• **Work to be completed**: At the line containing "阿诺德晒出努涅斯进球后庆祝的画面,并写道:努涅斯", begin an exact copy of the lines below and continue through the final one, with no pictures.

*** Opening Material provided ***

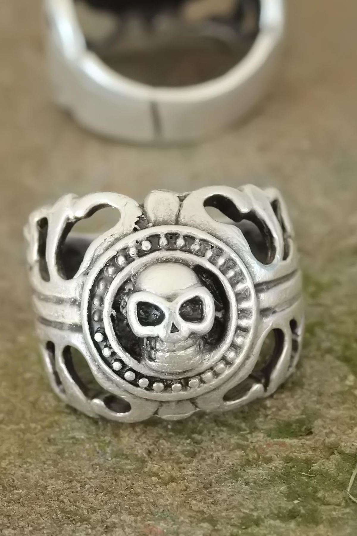 Eskitme Gümüş Renk Metal Kuru Kafa Tasarım Ayarlamalı Erkek Yüzük - TJ-EY230-KS
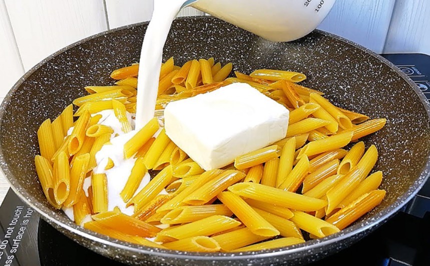 Heat a little olive oil and put the pasta into it. We recommend Penne, but if you prefer another kind, use that. The pasta is placed into the oil uncooked, that is, hard. You can also use whole-grain pasta or corn pasta. You just need to watch the pasta and, if the milk boils away, add a little more. Whole-grain pasta cooks longer. Fry the pasta in the oil for about two minutes.
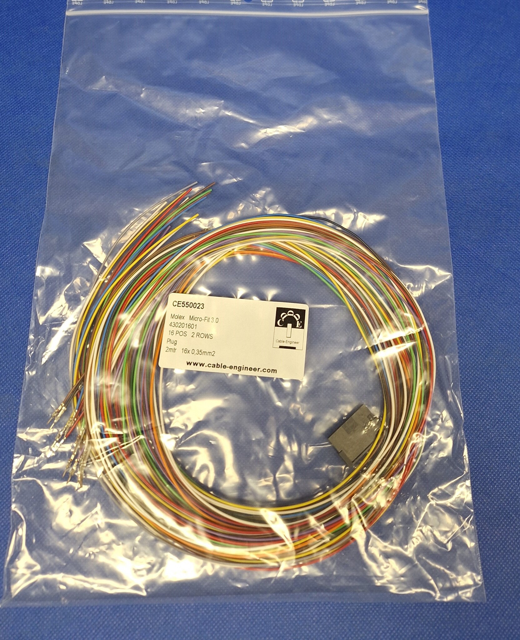 Pre-crimped Molex Micro Fit 3.0 set: 16-Pos/2-Rij Plug Housing met 14x 2m. 0,35mm2 kabel met contacten aan de kabel
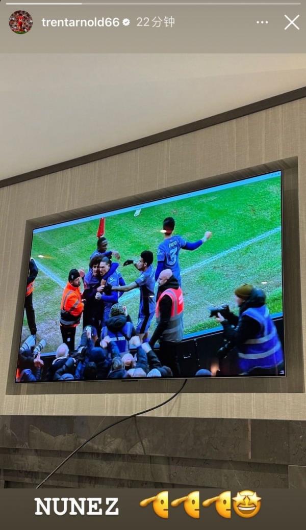 阿诺德晒出努涅斯进球后庆祝的画面,并写道:努涅斯
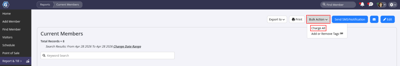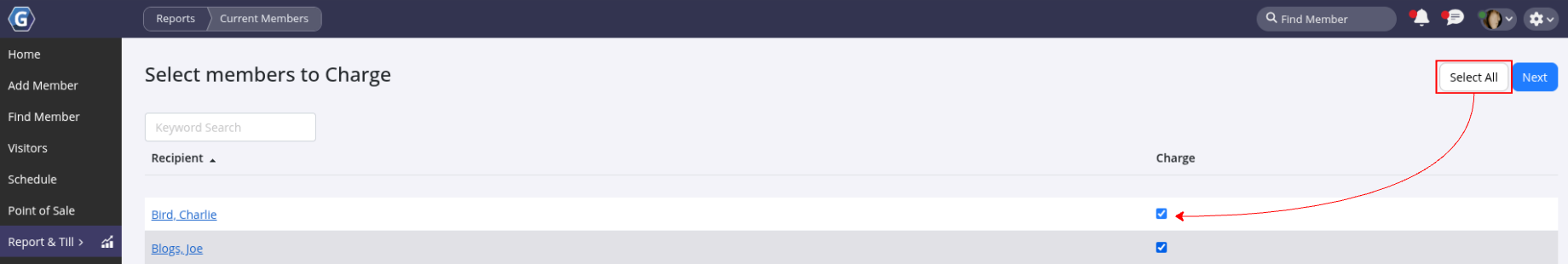 For example, to charge all current members, use the Current Members report.
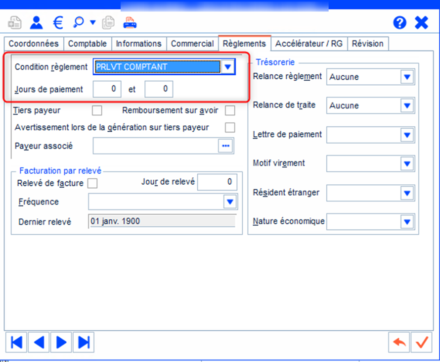 Dans le compte auxiliaire, renseigner les conditions de règlement pour que le client apparaisse dans le listing prélèvement/virement.
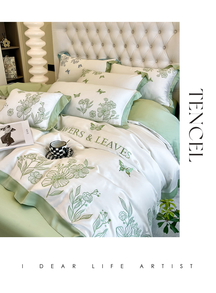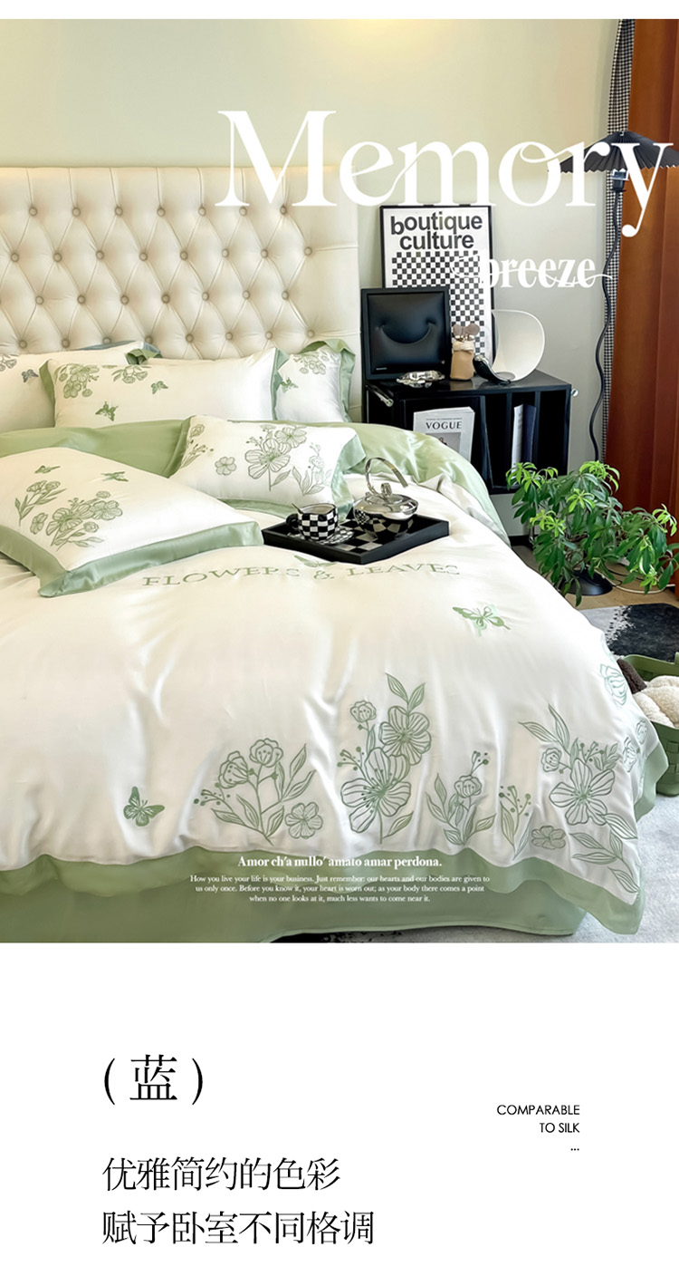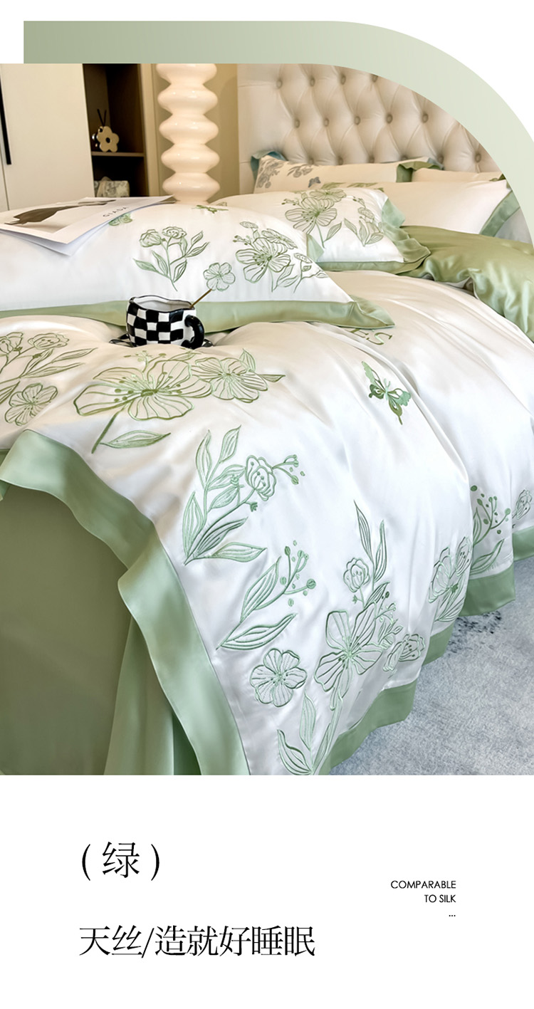 总眠帛家居2022新品60支兰精天丝气质轻奢绣花四件套-盛夏,盛夏-粉,盛夏-蓝,盛夏-绿

*** Closing Material provided ***

• **Exercise answer**:
 阿诺德晒出努涅斯进球后庆祝的画面,并写道:努涅斯
 For example, to charge all current members, use the Current Members report.
 Dans le compte auxiliaire, renseigner les conditions de règlement pour que le client apparaisse dans le listing prélèvement/virement.
 总眠帛家居2022新品60支兰精天丝气质轻奢绣花四件套-盛夏,盛夏-粉,盛夏-蓝,盛夏-绿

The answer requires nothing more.